Online Drive Replacement: BTRFS with RAID 6

1

on a testing machine I installed four HDDs and they are configured as RAID6. For a test I removed one of the drives (/dev/sdk) while the volume was mounted and data was written to it. This worked well, as far as I can see. Some I/O errors were written to /var/log/syslog, but the volume kept working. Unfortunately the command "btrfs fi sh" did not show any missing drives. So I remounted the volume in degraded mode: "mount -t btrfs /dev/sdx1 -o remount,rw,degraded,noatime /mnt". This way the drive in question was reported as missing. Then I plugged in the HDD again (it is of course /dev/sdk again) and started a balancing: "btrfs filesystem balance start /mnt". Now the volume looks like this:

$ btrfs fi sh
Label: none  uuid: 28410e37-77c1-4c01-8075-0d5068d9ffc2
    Total devices 4 FS bytes used 257.05GiB
    devid    1 size 465.76GiB used 262.03GiB path /dev/sdi1
    devid    2 size 465.76GiB used 262.00GiB path /dev/sdj1
    devid    3 size 465.76GiB used 261.03GiB path /dev/sdh1
    devid    4 size 465.76GiB used 0.00 path /dev/sdk1

How do I reinitiate /dev/sdk1? Running "$ btrfs fi ba start /mnt" does not help. I tried to remove the hdd, but

$ btrfs de de /dev/sdk1 /mnt/
ERROR: error removing the device '/dev/sdk1' - unable to go below four devices on raid6 

A replacement does not work this way either:

$ btrfs replace start -f -r /dev/sdk1 /dev/sdk1 /mnt
/dev/sdk1 is mounted

Are there other ways to replace/reinitiate the hdd then converting to RAID 5?

Oliver R.

Posted 2014-11-28T08:46:23.397

Reputation: 188

Should I better post this to ServerFault? If so, could an admin please move this question? – Oliver R. – 2014-11-28T13:59:25.863

1What does btrfs scrub say? – basic6 – 2015-07-08T19:07:31.923

Answers

1

I have repeated this test on a test system running kernel 4.3.

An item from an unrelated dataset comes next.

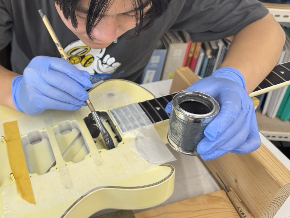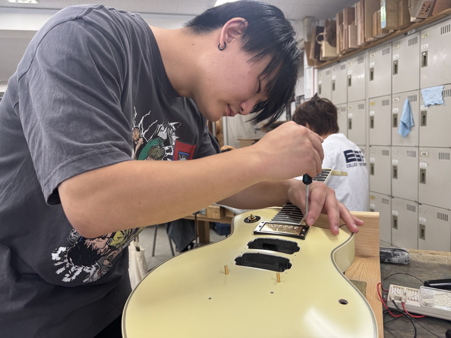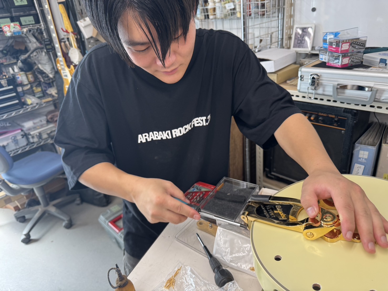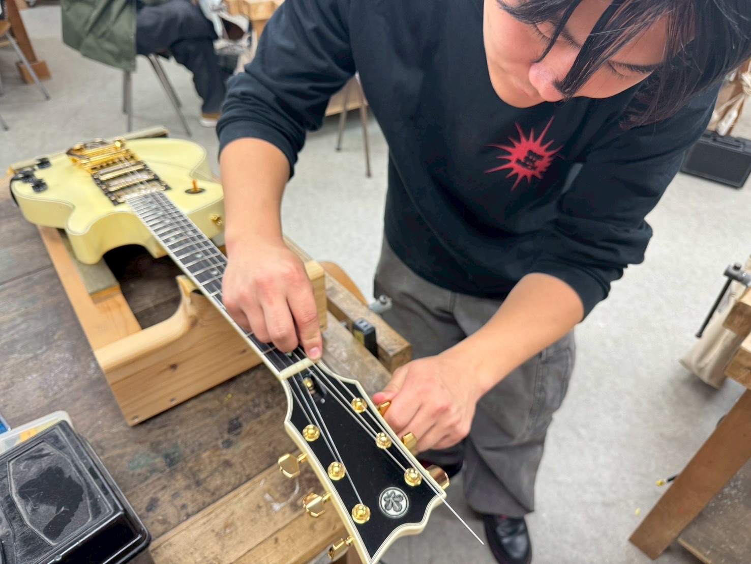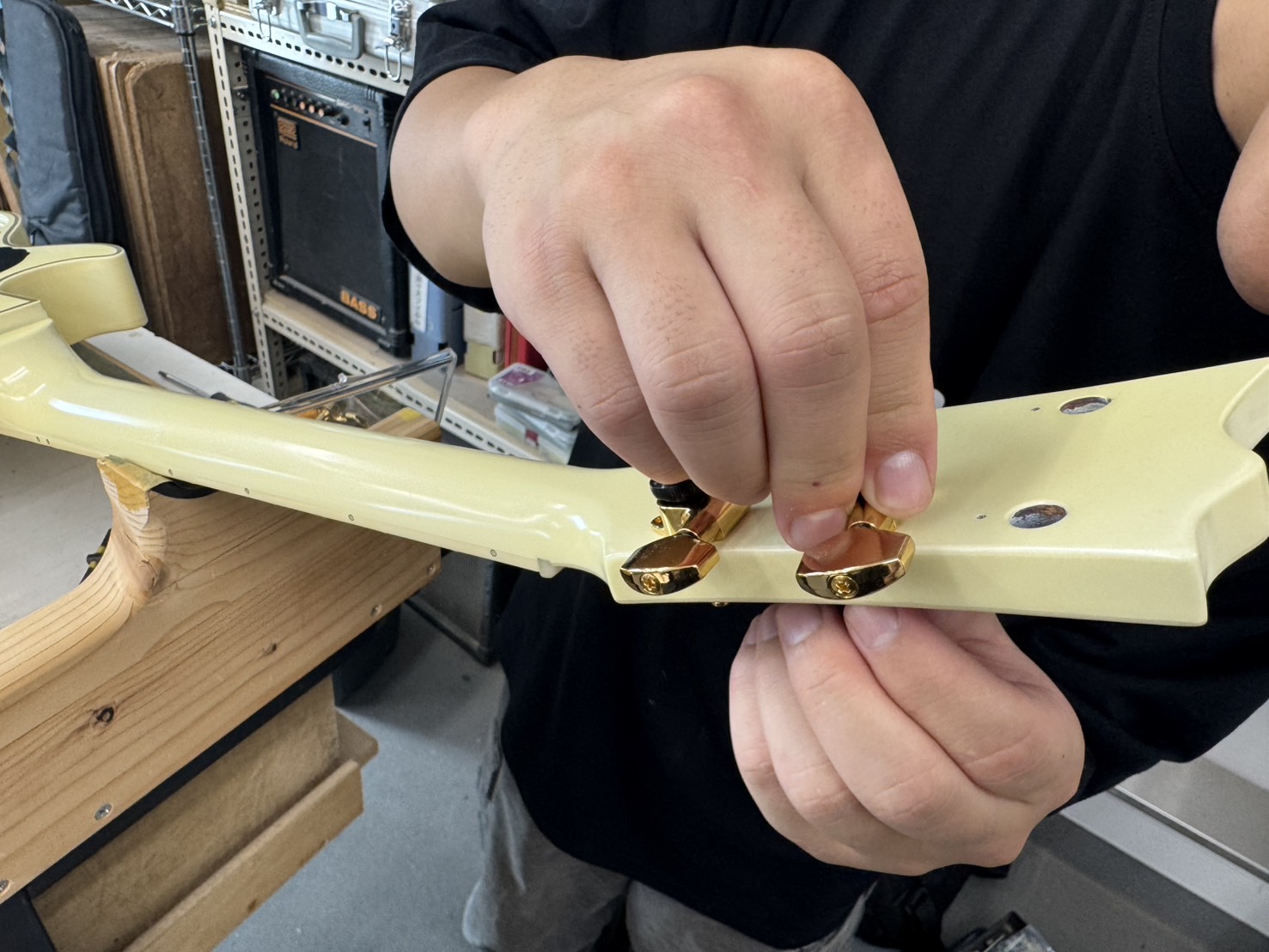 弦を張ってチューニングをして、細かいセッティングを行っていきます。

Like you, I have created a BTRFS RAID-6 array with 4 drives:

# mkfs.btrfs -m raid6 -d raid6 /dev/sdb /dev/sdc /dev/sdd /dev/sde

I then mounted it and started writing data on it.

While that was going on, I removed one of the drives. Of course, this caused a lot of error messages in the log and everywhere. But as expected, the write process was not interrupted and no files were damaged.

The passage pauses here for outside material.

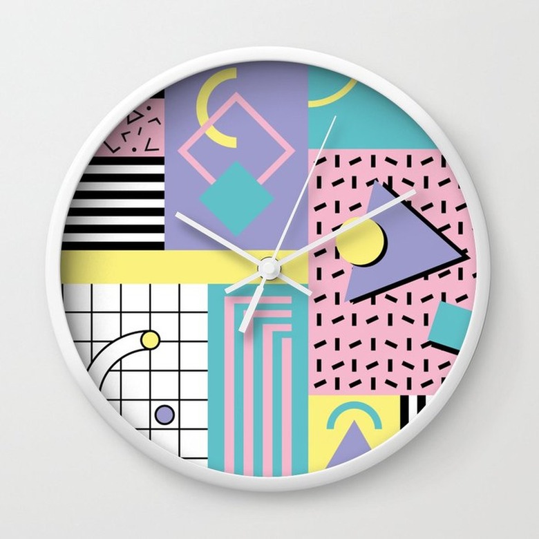 Watching the time pass by is a lot more entertaining with a Memphis Design-inspired wall clock. This splashy patterned wall clock boasts a colorful geometric motif and is available in your choice of a black, white, or natural-hued frame.

More importantly, BTRFS increased its error counts (dev stats) for write and flush errors. So if this was a production system, it would be monitored, a cronjob such as this one would have generated a notification email:

MAILTO=admin@myserver.com
@hourly /sbin/btrfs device stats /mnt/tmp | grep -vE ' 0$'

Then, I did not run a balance but a scrub, because I wanted BTRFS to scan the full filesystem and fix all errors, which is exactly what a scrub does.

# btrfs scrub start -B /mnt/tmp

Finally, I reset the BTRFS error counts back to zero (this would stop the warning messages if this filesystem was being monitored):

# btrfs device stats -z /mnt/tmp

Another scrub found no more errors.

And the file that I was writing during the test is correct. Its MD5 sum matches the original.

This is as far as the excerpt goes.